**WHAT YOU ARE ASKED TO DO:** From the listing below, output the lines between the one with "La jornada de" and the one with "The Montage is", including those two, and nothing else. Pictures are not copied.

**DATA FOR THE TASK:**
..........

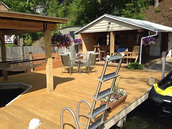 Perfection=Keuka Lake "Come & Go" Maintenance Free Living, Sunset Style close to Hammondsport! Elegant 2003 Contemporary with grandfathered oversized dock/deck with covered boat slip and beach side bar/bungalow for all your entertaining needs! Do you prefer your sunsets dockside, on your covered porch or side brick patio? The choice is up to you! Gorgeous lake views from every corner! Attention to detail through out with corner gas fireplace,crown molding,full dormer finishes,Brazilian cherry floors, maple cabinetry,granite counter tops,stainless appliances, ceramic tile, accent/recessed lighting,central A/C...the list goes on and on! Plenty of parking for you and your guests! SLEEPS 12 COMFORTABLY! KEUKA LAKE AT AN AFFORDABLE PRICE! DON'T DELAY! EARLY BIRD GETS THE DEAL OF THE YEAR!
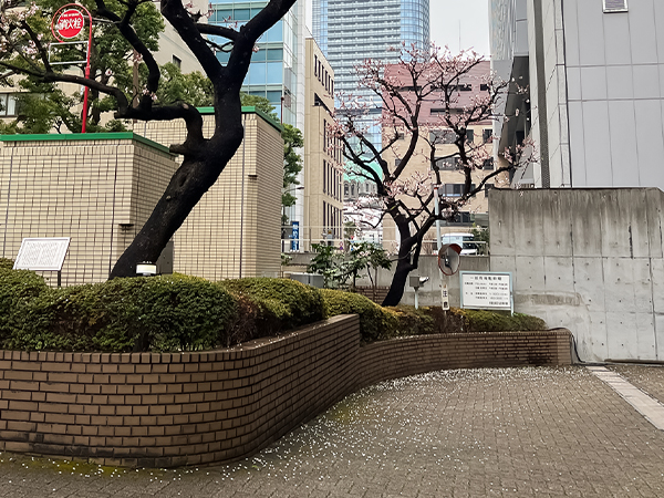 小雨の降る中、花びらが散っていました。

..........

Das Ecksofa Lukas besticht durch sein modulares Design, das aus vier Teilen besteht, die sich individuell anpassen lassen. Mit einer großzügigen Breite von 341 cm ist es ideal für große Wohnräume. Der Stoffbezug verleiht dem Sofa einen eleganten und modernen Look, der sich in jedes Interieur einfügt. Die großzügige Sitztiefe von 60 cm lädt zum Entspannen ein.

..........

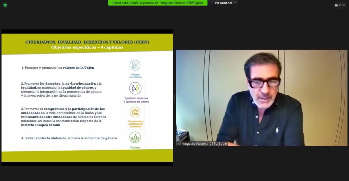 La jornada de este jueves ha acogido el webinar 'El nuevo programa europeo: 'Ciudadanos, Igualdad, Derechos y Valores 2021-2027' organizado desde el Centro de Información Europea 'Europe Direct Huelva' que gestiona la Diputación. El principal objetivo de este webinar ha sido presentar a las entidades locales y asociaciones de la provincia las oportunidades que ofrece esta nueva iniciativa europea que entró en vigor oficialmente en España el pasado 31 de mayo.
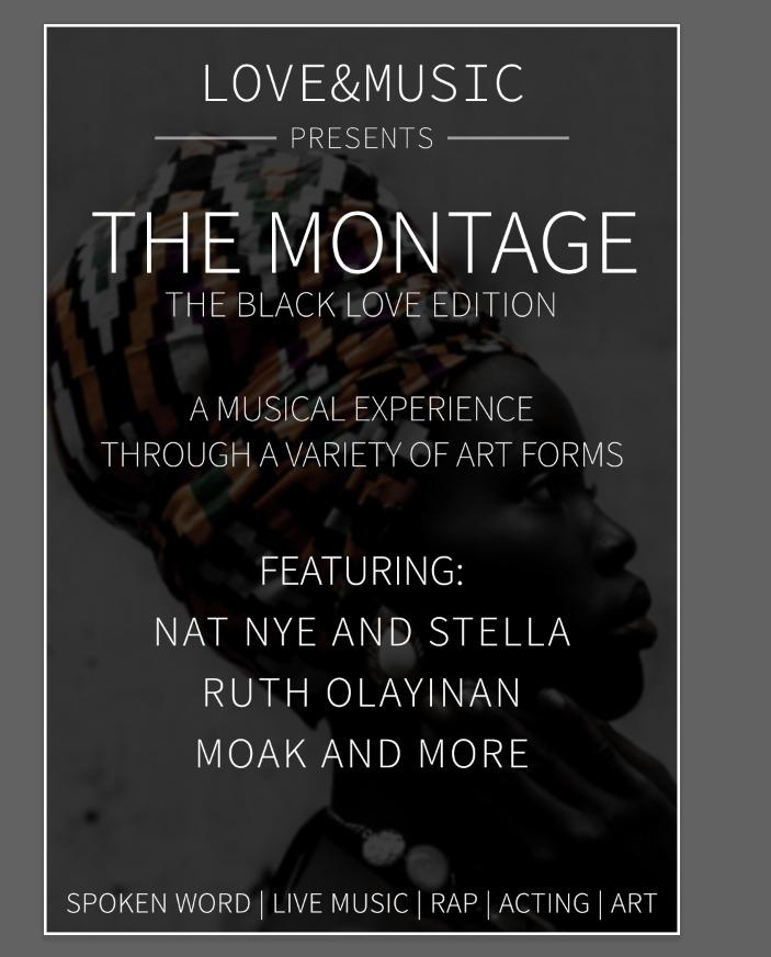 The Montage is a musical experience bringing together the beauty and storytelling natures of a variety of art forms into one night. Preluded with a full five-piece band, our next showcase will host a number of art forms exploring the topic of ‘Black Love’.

..........

**RESPONSE TO THIS EXERCISE:**
 La jornada de este jueves ha acogido el webinar 'El nuevo programa europeo: 'Ciudadanos, Igualdad, Derechos y Valores 2021-2027' organizado desde el Centro de Información Europea 'Europe Direct Huelva' que gestiona la Diputación. El principal objetivo de este webinar ha sido presentar a las entidades locales y asociaciones de la provincia las oportunidades que ofrece esta nueva iniciativa europea que entró en vigor oficialmente en España el pasado 31 de mayo.
 The Montage is a musical experience bringing together the beauty and storytelling natures of a variety of art forms into one night. Preluded with a full five-piece band, our next showcase will host a number of art forms exploring the topic of ‘Black Love’.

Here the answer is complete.